Вернуться к В.В. Ермилов. Драматургия Чехова

4. Призрачное существование

Немало водевильности в фигуре старика Чебутыкина, но опять-таки, конечно, «водевильности» в чеховском, особом понимании. За комической нелепостью Чебутыкина скрывается очень глубокое жизненное и даже философское содержание.

Чебутыкин пародийно сосредоточивает в себе слабости и недостатки главных героев, поэтому этот второстепенный персонаж становится первостепенным для понимания идейной сущности пьесы.

Он настолько оторван от какой бы то ни было реальной жизни, что становится ходячей карикатурой. Самого себя он ощущает призрачным, несуществующим. Не только в пьяном, но и в трезвом состоянии он повторяет: «Нас нет, ничего нет на свете, мы не существуем, а только кажется, что существуем». Здесь прямо выражена тема пьесы: произносить слова — еще не значит существовать в реальной жизни. Без общественного действия, без социальной активности самое существование становится призрачным.

Чебутыкин доходит до полнейшего нигилизма, безразличия ко всему на свете, вплоть до того, что при всей своей умиленной любви к Ирине он пальцем о палец не ударил для того, чтобы предотвратить гибель единственного друга Ирины, Тузенбаха, которого он сам считает «хорошим человеком». Он даже способствует его гибели, согласившись, из-за полного своего равнодушия, участвовать в качестве врача при дуэли Соленого с Тузенбахом. Чебутыкин отлично знает, что эта дуэль будет не чем иным, как заранее обдуманным убийством Тузенбаха. Соленый — опытный дуэлянт, и не может быть никакого сомнения в том, что он, выражаясь его словами, подстрелит Тузенбаха, как вальдшнепа. Чебутыкин сам говорит об этом. И, однако, он соглашается содействовать убийству. «Барон хороший человек, но одним бароном больше, одним меньше — не все ли равно? Пускай! Все равно!» И в самом деле, если мы «все равно» не существуем на свете, а только кажется, что существуем, то какая разница, будет убит Тузенбах или останется в живых? Ведь он и так не существует. Именно в этом духе и отвечает Чебутыкин Маше и Андрею, которые упрекают его в том, что он собирается способствовать дуэли.
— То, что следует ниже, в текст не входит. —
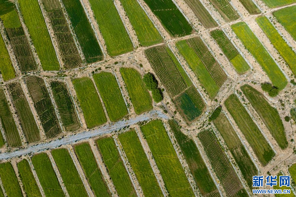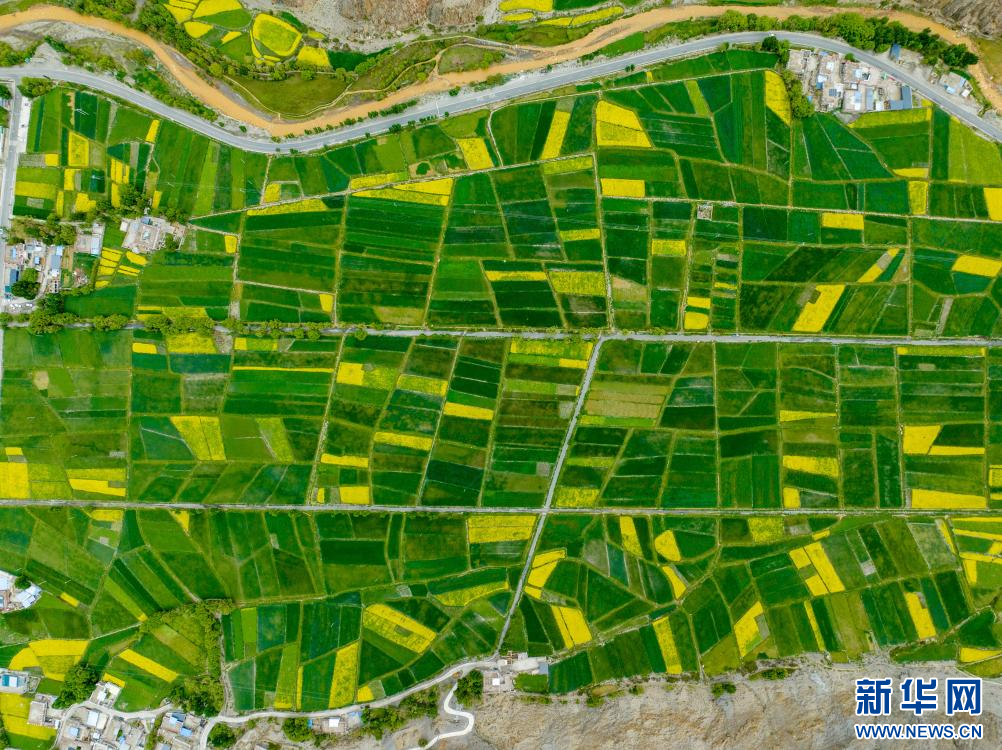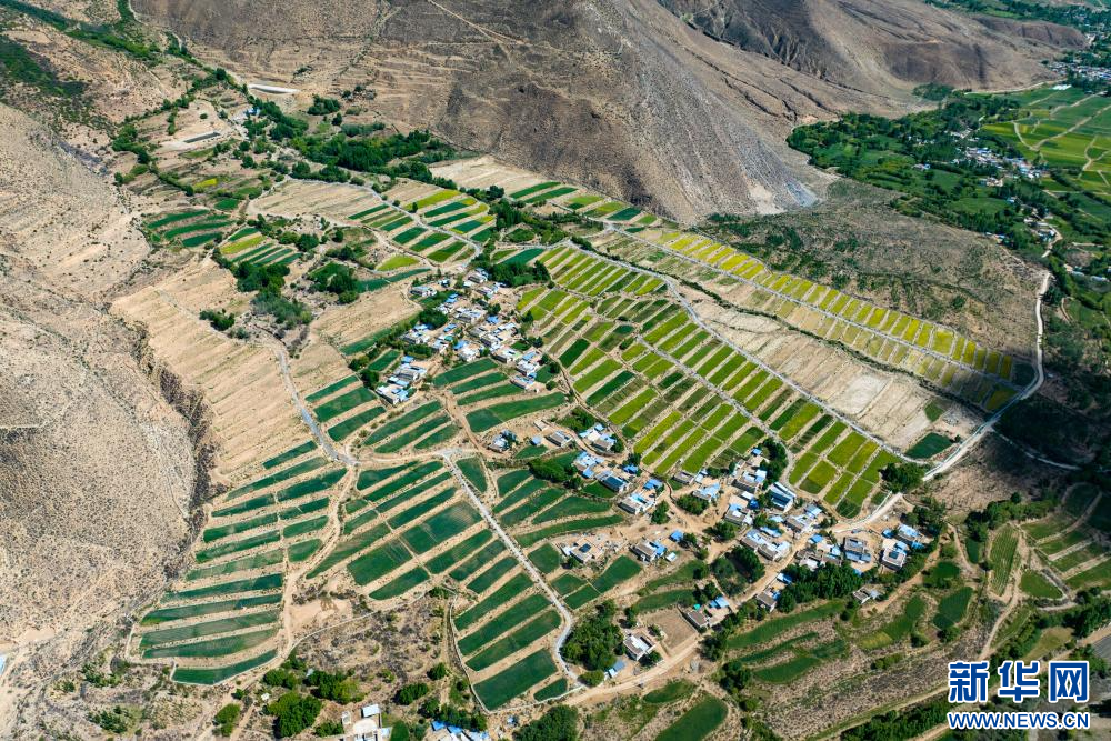 6月21日在西藏山南市乃東區(qū)境內(nèi)拍攝的田園風(fēng)光(無人機照片)。新華網(wǎng) 旦增努布 攝

Как вяло, лениво убеждают Маша и Андрей Чебутыкина в безнравственности дуэли, в необходимости предотвратить ее! Речь идет о жизни друга, жениха их сестры, а они только говорят и не хотят вмешаться, противодействовать предстоящему убийству. Все становится чепухой, «рениксой», если живешь, как во сне, мимо жизни.

Это словечко «реникса» особенно усиливает мотив чепухи — водевильный и вместе с тем трагический мотив пьесы. Слово «чепуха», прочитанное как какое-то загадочное латинское слово «реникса», делает чепуху, если можно так выразиться, еще более чепуховой. Такова нелепость призрачного существования, оторванного от жизни, — нелепость, угнетавшая Чехова до тоски и отчаяния. «Нужен хоть кусочек общественной и политической жизни, хоть маленький кусочек, — писал он в одном из писем, — а эта жизнь в четырех стенах, без природы, без людей, без отечества... — это не жизнь...» Тоска бездейственного, идущего мимо жизни, словесного существования — один из характернейших аспектов чеховской темы интеллигенции в буржуазном обществе.

«Так вот целый день говорят, говорят...» — возмущается Маша бесплодным философствованием Андрея и Чебутыкина на тему безнравственности дуэли. «Говорят, говорят...» Слова, слова, слова! Но ведь это относится и к Вершинину; недаром при прощании с сестрами он просит извинить его за то, что он слишком много говорил. Тут все только говорят и не действуют, за исключением Наташи и Протопопова: эти-то умеют действовать.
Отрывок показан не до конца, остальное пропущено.